1) Cost of a 1% annual fee

Question: What is the long-term cost of a 1% investment fee?

Short answer

Using default assumptions, a 1% annual fee reduces the ending value over 30 years versus no fee.

  • Starting balance: $500,000
  • Gross return (before fee): 6%
  • Horizon: 30 years
  • Annual contribution: $0

2) Cost of a 0.5% annual fee

Question: How much does a 0.5% fee reduce returns over 30 years?

Short answer

Using default assumptions, a 0.5% annual fee reduces the ending value over 30 years versus no fee.

  • Starting balance: $500,000
  • Gross return (before fee): 6%
  • Horizon: 30 years
  • Annual contribution: $0

3) Required excess return to offset a fee

Question: How much extra return is required to overcome a 1% annual fee?

Short answer

The required extra return is near the fee as a first approximation; the exact break-even depends on compounding, contributions, and horizon.

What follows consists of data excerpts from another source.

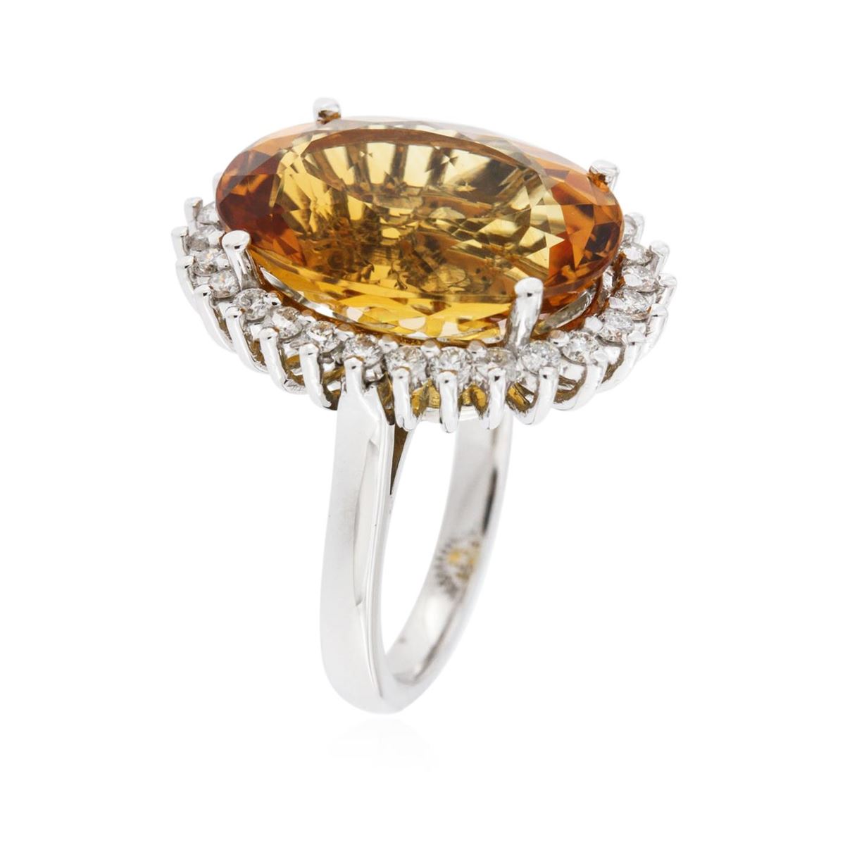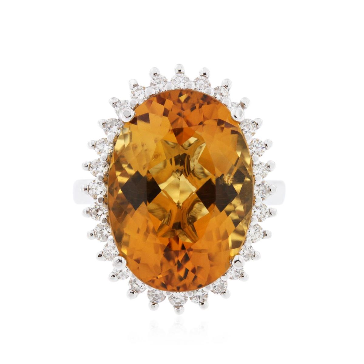 One electronically tested 14KT white gold ladies combination cast & assembled citrine and diamond ring with a bright polish finish. Identified with markings of "14K". Condition is new. Containing: One prong set oval modified brilliant cut natural citrine GGL Appraised at $3,870.00.
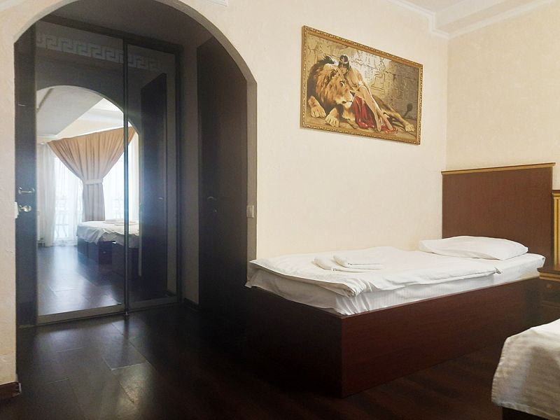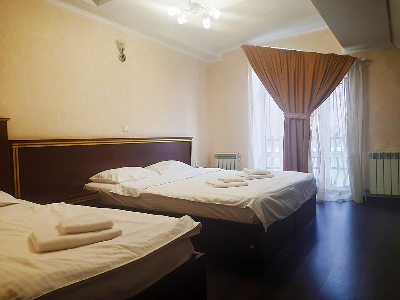 Стандартный семейный номер, комфортно для размещения семьи из 3-х человек. Большая двуспальная кровать + одна односпальная. В номере шкаф для хранения одежды, мини-холодильник, ТВ, кондиционер. Собственная душевая комната/туалет. В стоимость включены завтраки на каждого гостя.
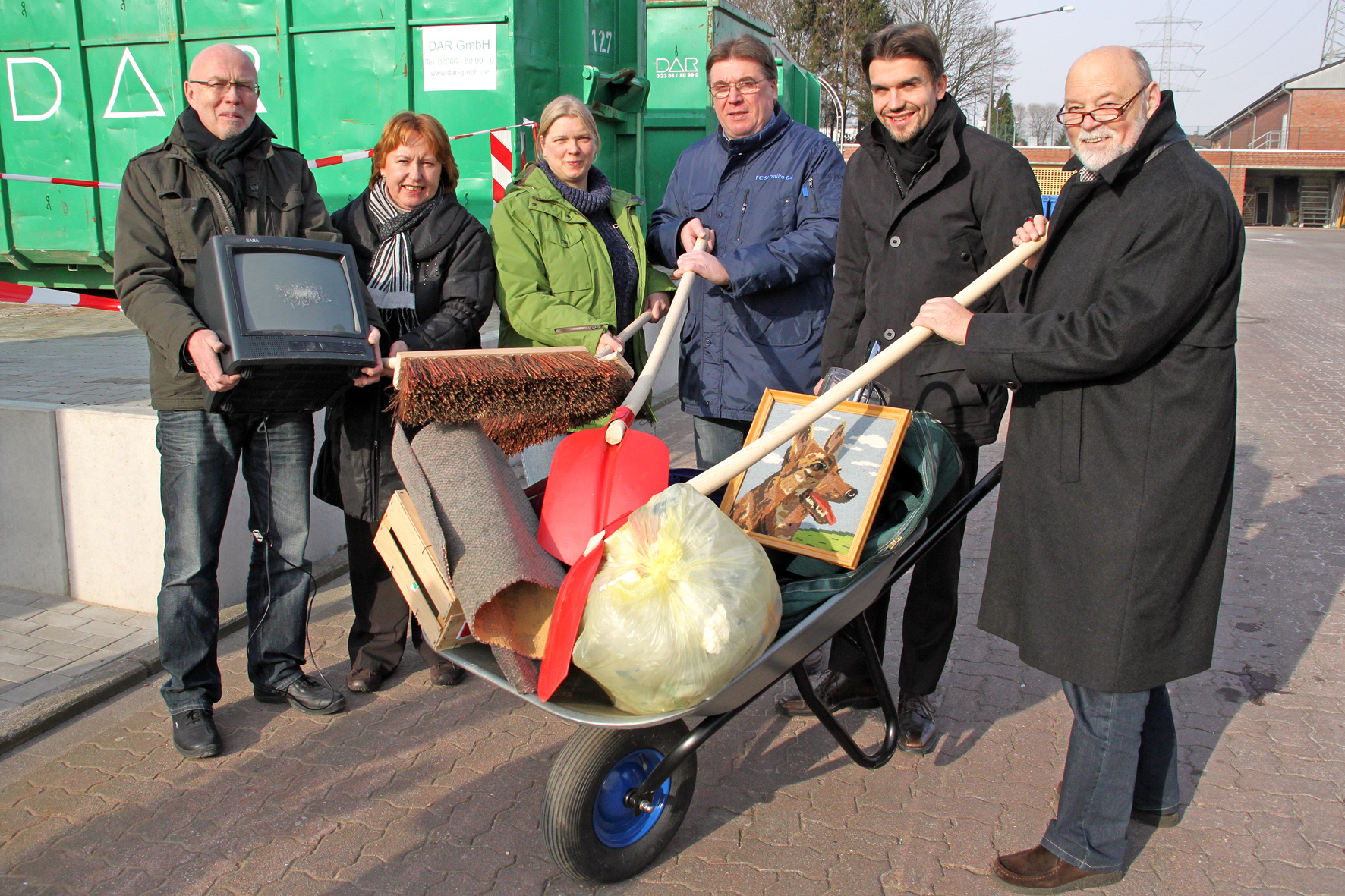 v. li.: Peter Kremer (Techn. Leiter ZBH), Helene Langner (Bereichsleitung Abfallwirtschaft), Vera Zimmermann (Koordinatorin Putztag, ZBH), Winfried Kunert (stellv. Bürgermeister), Bürgermeister Dr. Uli Paetzel und Karl-Heinz Forst (stellv. Bürgermeister).
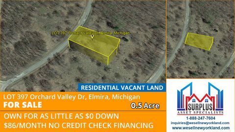OWN THIS TODAY FOR JUST $1,800.00$999.00 FULL CASH PRICEor$1,399.00 With Seller FinancingSAVE $401.00 / 22.3% OFF MARKET VALUE All Deposits Are Fully Refundable Within 48 hours Check Out Our Buyer Protection GuaranteeCheck Out Our Affordable Payment OptionsSECURE WITH DEPOSIT TODAY This Wholesale Land For Sale in Elmira, MI Is All About Seclusion in a Highly Sought After Residential Recreational Community: Lot 397 Orchard Valley Dr. Elmira, MI 49730 Land for Sale. This vacant land is a 0.50-acre vacant land lot that’s a short drive to the Exclusive Member-Only Golf Course within a private and tranquil location with easy access to Mancelona 16 miles away, 11 miles northwest of Gaylord, in the heart of northern Michigan with amenities like Lowes, Home Depot, Walmart, and the Canadian border is about 105 miles away. A Quality Addition to Your Portfolio: As a Lot 397 Orchard Valley Dr. Elmira, MI property owner you get an enormous amount of perks and benefits of being apart of the Lakes of the North Association which includes access to the Lakes of the North Golf Course an 18-hole course is a par 72 that spans 7,000 yards. As a Lot 397 Orchard Valley Dr. Elmira, Mi property owner you also get Private Member Amenity access to Harold Lake and Pencil Lake with Beach houses with Canoe, Rowboat Use, and more. Lakes of the North Clubhouse with an indoor pool, tennis courts, lounge area, and more. Settings Restaurant that’s open year-round casual setting, daily specials, and Free WiFi access. Lake Arrowhead Campground with 160 campsites, fire pits, 2 bathhouses, storage facilities, and more. Plus, Winter Sports Area with a skating rink, snowmobile trails, skiing trails, and more.Lakes of the North Airport with a 4,350′ asphalt runway that’s Open Year AroundHorse stables with seasonal guided horse rides, great for family Create A Striking New Family Home: Lot 397 Orchard Valley Dr.. Elmira, MI is an ideal investment with tons of potential in this area for those who love to stay away from the hostility of the city. Nestled close to lakes and year-round recreational attractions, you’ll have plenty of things to enjoy here. Secure Your Elmira, Michigan Address Today: Lot 397 Orchard Valley Dr. Elmira, MI is uniquely located near single-family homes in a peaceful and serene neighborhood just waiting for your custom-built home of immense charm and casual elegance to complete this neighborhood. DRIVE-BY ANYTIME… Take A Tour, You Won’t Be Disappointed. Antrim County, MI Profile What’s Happening in Antrim County MI? Antrim County is one of 83 counties in the State of Michigan that is located in the Bellaire, MI. Area Information: Antrim County is located in the northwestern part of the lower peninsula, east of Lake Michigan and Grand 5 miles of waterways throughout the area. Traverse Bay, and bordered on the west by the Mackinaw State Forest also referred to as the Jordan River Valley. The county has a total area of 602 square miles of which 477 square miles of it is land and 125 square miles of it is water. The county contains 45 lakes, has 24 miles of Lake Michigan shoreline, and rivers covering 65 miles of waterways throughout the area. Antrim County has nearly 44,000 acres of state forest land, the Grass River Natural Area and Wilcox-Palmer-Shah Nature Preserve. Most notable of the lakes is Torch Lake, considered to be one of the most beautiful lakes in the world. Torch Lake is on a chain of lakes that runs from Bellaire to Elk Rapids. North of Bellaire is another chain of lakes that goes from there through Central Lake and Ellsworth, with the largest of these being Intermediate Lake. Mancelona, located in the southwest corner of the county, on US-131, is home to the annual White Pine Stampede, Bass Festival, and Deadman’s Hill Scenic Overlook. Antrim county also has over a dozen fine golf courses and is a major ski resort area, home to Shanty Creek Resort. The county is the 8th smallest in the state and holds its county seat in Bellaire. Major Cities and Towns: Antrim County consists of 4 towns Alba, Alden, Eastport, and Kewadin, 6 villages including Central Lake, Bellaire, Central Lake, Elk Rapids, Ellsworth, and Mancelona. Elmira, MI Neighborhoods Hawks Eye Resort, Hawks Eye, Hawks Spur, Valdenspiel, Valley View, Adams Beach, Maple Valley Estates, Maplewood Estates, North Schuss Village, Obervalden, and Old Mission Shores Elmira, MI Cost of Living The cost of living in Elmira, MI is -1.8% lower than the National Average. What’s Happening in Elmira, MI? Elmira Township is a civil township of Otsego County in the U.S. state of Michigan. Elmira, MI Comparable Land This is the cheapest lot you can find in this area is listed: Click Here To More Expensive Listing Property Details Address: Lot 397 Orchard Valley Dr. Elmira, MI 49730 Frontage: 95 ft. (Estimated) GPS Coordinates: 44.9669, -84.8521 Status: Active State: Michigan County: Antrim County Closest Community/City To The Property: Gaylord, MI APN (Assessor’s Parcel Number): 05-13-450-397-00 Lot Size: 0.50 Acre Property Type: Residential Vacant Land Zoning: Residential, Platted Terrain: Level Road Access: Paved Utilities: Electricity Water Supply: Well Required Sewer: Septic Required Annual Taxes:$41.47 (Estimated) HOA Dues: $428/Year (Dues are reduced to $166 USD per year for each additional lot after the first lot) Disclosure: The owner has not visited the property and is not aware of the overall condition and may require permits, surveys, or zoning changes. This is a free & clear parcel with no liens and taxes are paid to date. We cannot provide suggestions, or advice with regards to your purchase and buyers should do due diligence on property condition, permits (if applicable), surveys, or zoning before purchasing. This property has been discounted from being sold “AS IS” without any warranties or representations of any kind or character, express or implied, concerning the property. If you need assistance determining a fai

  • Starting balance: $500,000
  • Gross return baseline: 6%
  • Fee: 1.0%
  • Horizon: 30 years
  • Annual contribution: $0

4) Break-even: active vs passive fees

Question: At what fee level does active management stop outperforming passive investing?

Short answer

Active management breaks even when the required excess return equals the fee difference after compounding over the chosen horizon.

  • Starting balance: $500,000
  • Return baseline: 6%
  • Passive fee: 0.10%
  • Active fee: 1.00%
  • Horizon: 30 years
  • Annual contribution: $0

Notes

This hub is intentionally shallow: it provides clean questions, clean short answers, and links to canonical calculator pages where the math is shown and inputs can be changed.